The Arduino Nano 33 BLE Sense is a Nano-sized board with Bluetooth connectivity and jam packed with sensors. These include a 9-axis inertial measurement unit (IMU) that adds a compass to the usual gyroscope and accelerometer, a microphone, a light and color sensor, as well as temperature, humidity, and air pressure sensors. This board should not be confused with the Arduino Nano 33 BLE. The two boards are identical except for the additional sensors on the Arduino Nano 33 BLE Sense.
The Arduino Nano 33 BLE Sense is run by the Bluetooth module from uBlox. This module features an ARM Cortex M4F based microcontroller from Nordic Semiconductor operating at 64 MHz. The “M4F” means this micro has a floating point unit in addition to digital signal processing instructions. The microcontroller runs Mbed OS, an operating system for ARM based embedded systems, and your Arduino sketches run on top of that. The Scheduler library supports cooperative time-sharing among multiple threads on Mbed OS.
The form factor of the Arduino Nano 33 BLE Sense matches that of other Nano-sized boards. Its narrow shape and holes for header pins make it breadboard-friendly. It also has castellations along the edge and a smooth bottom for surface-mounting to a PCB. Like the other Arduino Nano 33 boards, this board runs at 3.3V and is not 5V tolerant. Except for the voltage, it is pin-compatible with the Arduino Nano Every. Like other recent Nano-sized boards, the pins are only labeled on the bottom. So you’ll have to keep a pinout diagram handy for prototyping.
Machine Learning Capabilities
Arduino has billed this board as a platform for TinyML, tiny machine-learning. The idea is that you can use a more powerful computer to create a machine learning model that will take input from the board’s many sensors. Once that model is trained, you can deploy it to the board and the board will have enough processing power to run the model and make decisions from the sensor input. Arduino has created a walkthrough to demonstrate the potential of the board for TinyML. I followed this walkthrough to familiarize myself with the board.
If you’re going to program this board in Arduino IDE, you’ll first have to get several libraries installed. To talk to the board you’ll have to go to the boards manager and install support for Arduino Mbed OS Nano Boards. Once installed, you should select Arduino Nano 33 BLE as your board type. This is because the BLE and BLE Sense boards are identical except for the sensors, most of which communicate over I2C. To access those sensors you next have to install a library for each one. Confusingly, the getting started guide references the PDM library for accessing the microphone, but you won’t find this library in the library manager. Instead, this library is silently installed along with the board definition files. I found the example code for each sensor library to be excellent, just what I would expect from an official Arduino library.

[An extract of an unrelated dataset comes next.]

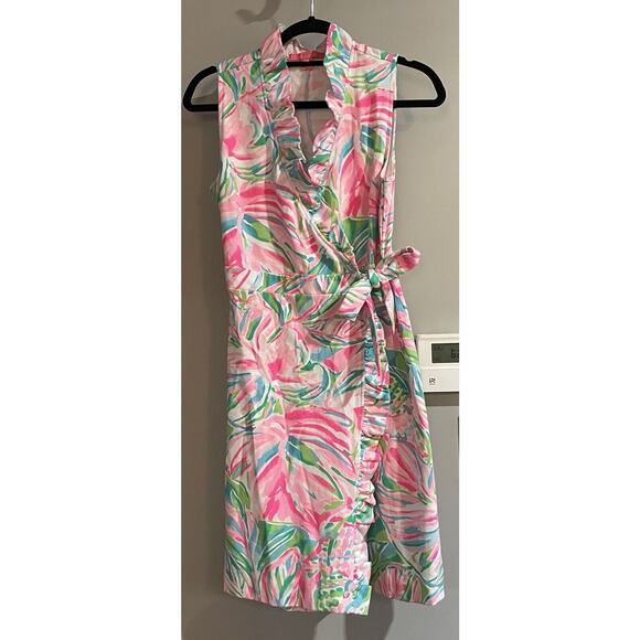 Lilly Pulitzer Dress Romee Wrap Ruffle Floral My World Cotton Stretch Womens XS

Once support for the board and sensors is installed, you can install the machine learning examples by installing a library called Arduino_TensorFlowLite. I ran each example to get a sense of what the developers wanted to show off about the board. It wasn’t obvious what each example sketch was supposed to do because the developers didn’t put much documentation in the code and links to more information from the walkthrough were broken. One example briefly described in the walkthrough was a speech recognizer that could detect “yes” or “no” and turn the RGB LED on the board green for “yes,” red for “no,” or blue for undetermined. It worked when speaking clearly and loudly towards the board. Given the time it takes the board to make a decision on the microphone input, it’s reasonable to conclude that two words is the practical limit to the board’s vocabulary.
I searched the web to find documentation for the remaining example sketches. I discovered that running the gesture recognition example requires patching one of the sensor libraries by hand. The “person detection” example requires connecting an Arducam camera, which I did not have. Another minor annoyance was that the board would disconnect from USB each time a sketch was downloaded to the board, and then the board would reconnect on a different COM port. This meant that the serial monitor, for example, couldn’t be used until the board’s port was reselected.
The ultimate test of the board’s TinyML abilities is gathering training data from the Arduino, making an ML model from it, and then deploying that model to the board. For this process, the walkthrough gives an overview of how this would be done: First the training data is acquired via the serial monitor, then it is processed into a model via a number of Python scripts that appear in a Google Colab notebook, then you download a header file that contains the trained model and integrate it with your sketch. Getting this to work took several tries as the Python scripts produced various errors, but eventually I had a working model that could distinguish between a punch gesture and a bicep flex gesture when holding the board in my hand. So although the edges are a little rough in the TinyML demonstration, it does work.